Tânia Maria de Farias Pereira, da EMTI Francisco de Assis Gomes Rufino, em Tamboril (CE), é finalista com um projeto que utiliza dados para orientar ações de aprendizagem e protagonismo dos estudantes. A proposta reúne atividades de leitura, matemática, cultura, empreendedorismo, educação ambiental e projeto de vida.

## Inovação e Tecnologia

Michelle Mariano Mendonça, coordenadora pedagógica da EMEF Raul de Leoni, em São Paulo, criou uma rede de colaboração entre a escola, universidades e instituições de pesquisa. O trabalho aproxima alunos e docentes de produções científicas e culturais.

No Instituto Federal de Mato Grosso, no campus Cuiabá Bela Vista, a professora de química Josane do Nascimento Ferreira Cunha desenvolveu uma metodologia voltada ao ensino investigativo da disciplina. Os alunos elaboram produtos, protótipos e soluções relacionados a temas como inclusão, sustentabilidade, saúde e inovação.

Daniela Steinheuzer, professora da rede estadual de Blumenau (SC), realizou na Escola Estadual Básica Bruno Hoeltgebaum um projeto que usa terrários e o horto escolar para tornar mais concretos os conteúdos sobre o ciclo da água e a previsão do tempo.

## Sustentabilidade

Fernanda Ferreira de Oliveira, da EM Antonio Boldrin, em Piracicaba (SP), trabalhou com crianças da educação infantil narrativas indígenas, afro-brasileiras e da cultura popular. A proposta utilizou literatura, oralidade, arte e brincadeiras no processo de aprendizagem.
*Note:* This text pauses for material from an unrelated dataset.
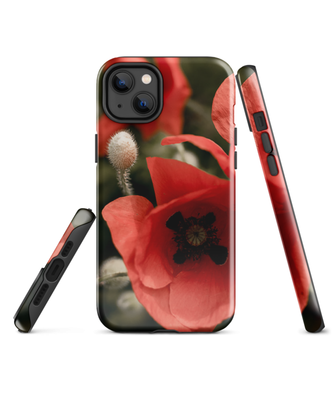 Fügen Sie Ihrem iPhone einen Hauch von Frische und floraler Eleganz mit der iPhone-Schale "All Coquelicot Les Francophones", inspiriert von einem nahaufnahme foto dieser zarten roten blumen.

Na EMEB Agostinho dos Santos, em São Bernardo do Campo (SP), Renata Araujo de Souza promoveu experiências sensoriais, artísticas e científicas para que bebês e crianças pequenas explorassem a natureza como espaço de descoberta.

Lazelane Ferreira da Silva, professora de geografia no Colégio Estadual Professor Joaquim Carvalho Ferreira, em Goiânia, coordenou a implantação de uma minifloresta com espécies nativas do Cerrado. O objetivo foi contribuir para o conforto térmico em uma área urbana com baixa arborização.

## Direitos Humanos

Rodrigo da Vitória Gomes, professor de química e pedagogo da Educação de Jovens e Adultos na EE Foz do Riacho, localizada no Centro de Detenção e Ressocialização de Linhares (ES), promoveu uma feira de ciências com estudantes privados de liberdade. O projeto estimulou investigações sobre problemas concretos e associou educação, cidadania e ressocialização.

Qircia Aparecida Fonseca Santana, do Colégio Estadual de Tempo Integral de Iraquara (BA), desenvolveu uma iniciativa que articula literatura afro-brasileira e indígena aos conhecimentos de mulheres quilombolas da região.

Daniela Aparecida Ferreira Arfelli, da Escola Estadual Assentamento Santa Clara, em Mirante do Paranapanema (SP), realizou práticas de leitura e produção textual com estudantes acampados e assentados. O trabalho resultou na publicação coletiva do livro *Palavras que se Conectam*.